◆ **Problem statement**: Starting at the first line of the data, please print exactly those lines through the one that holds "ದೃಢ – https://kundapraa.com/?p=38168 .", omitting every picture.

◆ **Supplied material**:
○ ○ ○ ○ ○ ○ ○
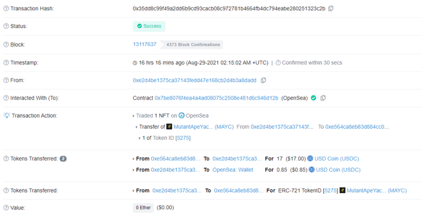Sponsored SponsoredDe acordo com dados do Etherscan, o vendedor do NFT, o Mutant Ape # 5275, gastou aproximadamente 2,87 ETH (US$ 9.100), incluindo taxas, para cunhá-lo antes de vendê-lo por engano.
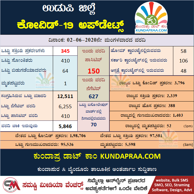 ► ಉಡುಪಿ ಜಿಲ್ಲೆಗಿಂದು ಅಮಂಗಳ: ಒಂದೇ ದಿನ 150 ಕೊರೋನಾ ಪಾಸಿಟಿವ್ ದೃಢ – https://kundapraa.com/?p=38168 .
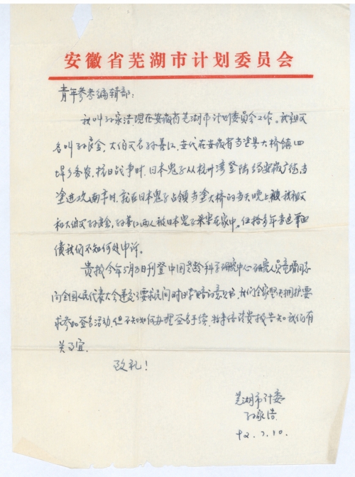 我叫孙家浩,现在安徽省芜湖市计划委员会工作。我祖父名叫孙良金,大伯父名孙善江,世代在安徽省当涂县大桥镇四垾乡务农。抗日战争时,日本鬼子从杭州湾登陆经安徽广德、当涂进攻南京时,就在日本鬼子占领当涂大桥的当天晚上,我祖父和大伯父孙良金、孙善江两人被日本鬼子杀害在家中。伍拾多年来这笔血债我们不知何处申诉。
○ ○ ○ ○ ○ ○ ○
◆ **Result of this task**:
Sponsored SponsoredDe acordo com dados do Etherscan, o vendedor do NFT, o Mutant Ape # 5275, gastou aproximadamente 2,87 ETH (US$ 9.100), incluindo taxas, para cunhá-lo antes de vendê-lo por engano.
 ► ಉಡುಪಿ ಜಿಲ್ಲೆಗಿಂದು ಅಮಂಗಳ: ಒಂದೇ ದಿನ 150 ಕೊರೋನಾ ಪಾಸಿಟಿವ್ ದೃಢ – https://kundapraa.com/?p=38168 .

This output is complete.